Я благодарю хозяина за радушие и прошу прощения, говорю что, к сожалению, должен сейчас проститься! что не стоит беспокоиться, что я дал слово быть к ужину дома. Но он не слушает, просит выкурить ещё одну папиросу и, забыв о корме, опять пускается в беседу. И я опять курю и опять слушаю, как вдруг он снова тревожно вспоминает о Тамаре:
– Да нет, как хотите, а ей надо хоть клок соломы бросить! Митька! Ты тут? – кричит он, оборачиваясь к перегородке.
Из-за перегородки слышен сонный, медлительный голос:
– Тут-та. Я ляжу.
– Вставай, поди убери лошадь, – гость приехал.
– Я пьян-най…
– Я тебе говорю вставай!
– Винца прежде да-ай…
– Каково ископаемое? – говорит хозяин с торжествующей усмешкой, и кричит в сени, в открытую дверь:
– Berthe, дай Митьке стакан водки!
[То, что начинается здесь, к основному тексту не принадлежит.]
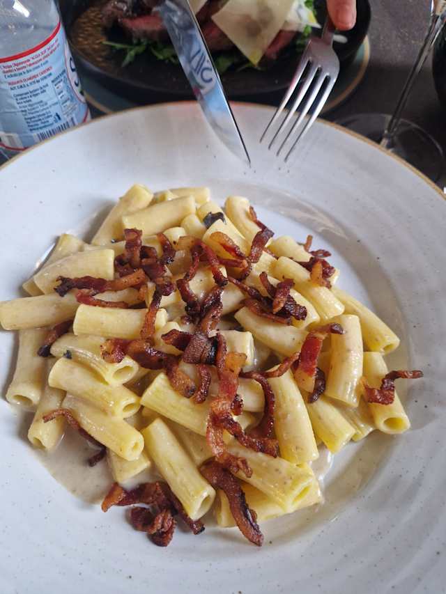 9/10staff was friendly. ambience was very nice. there was no delay with the service. the salad and the carbonara ware great. the risoto not so good.
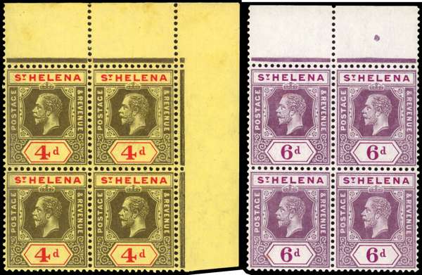 1912 4d, 6d, and 1913 4d, 6d, mint selection incl blocks of 4 ('POSTAGE POSTAGE' designs with plate number) and 1913 pair with Split ‘A’ variety, the 1912 blocks with tiny traces of toning otherwise fine part to large part o.g. SG 83/86, cat £1214+
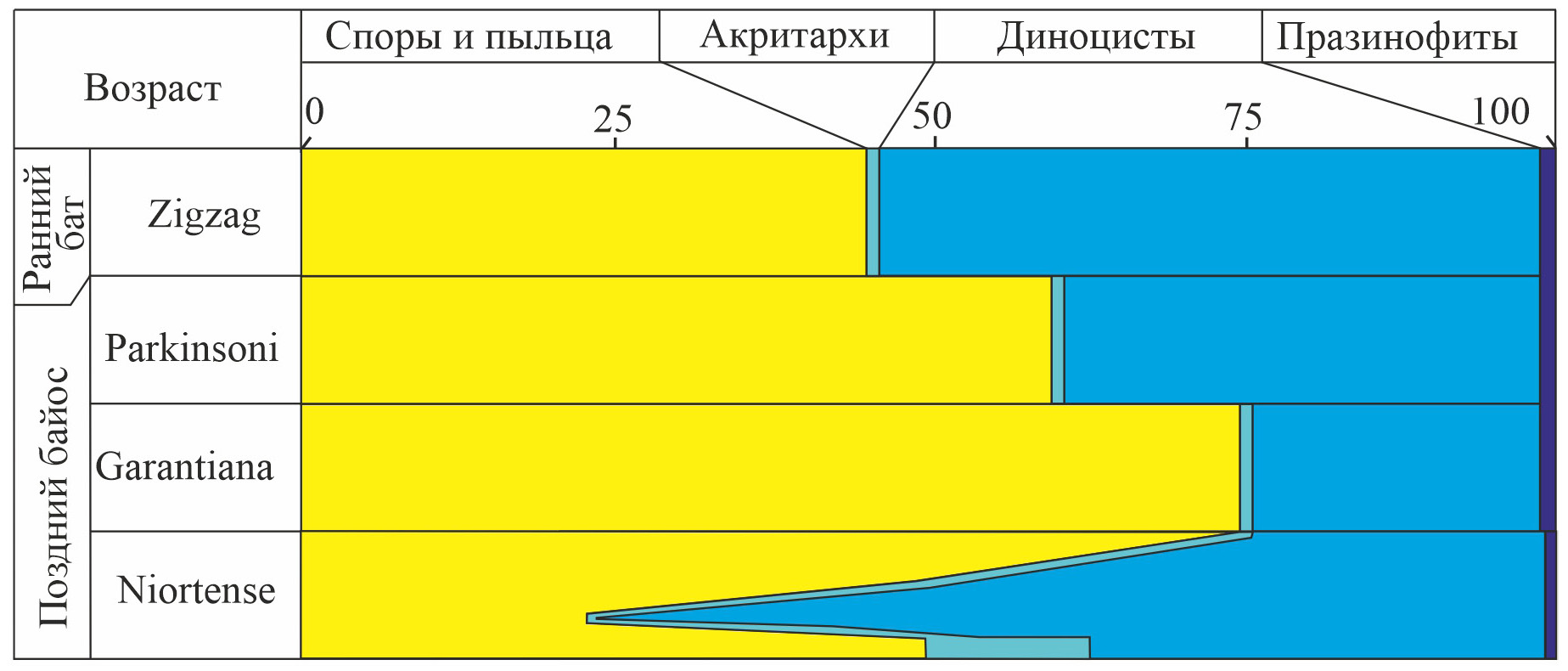 Изучение соотношения морских и наземных палиноморф в верхнем байосе (зоны Garantiana, Parkinsoni) и базальном бате (Митта и др., 2021) выявило постепенные изменения, свидетельствующие о трансгрессивном удалении береговой линии вверх по разрезу верхнего байоса и базального бата в пределах шельфа; в зоне Niortense это соотношение изменяется скачкообразно.

А вас, mon cher voisin[25] покорнейше прошу полюбоваться вот на это животное!
И он встает и широко открывает створчатые двери перегородки. Я заглядываю: за перегородкой светлее, там окошечко выходит на запад, и хорошо видно лежащего вниз лицом на железной кровати малого с белыми волосами, с большим мягким задом, в новой розовой смятой рубахе, подпоясанной почти под мышки зеленым поясом.
– Полюбуйтесь! – говорит хозяин. – Какого вам ещё больше равенства?
А по салону, нагнув голову, не глядя на меня, быстро проходит к шкапчику барышня, очевидно, за водкой. Тогда я говорю хозяину уже совсем решительно:
– Нет, дорогой, оставьте его в покое. Я всё равно должен сейчас ехать. Простите, пожалуйста, приеду, если позволите, в другой раз… И хозяин наконец сдается:
– Allons, bon![26] He хочу разыгрывать демьянову уху! Но пройдемся хоть по саду. Скука в эти бесконечные вечера, повторяю, адова!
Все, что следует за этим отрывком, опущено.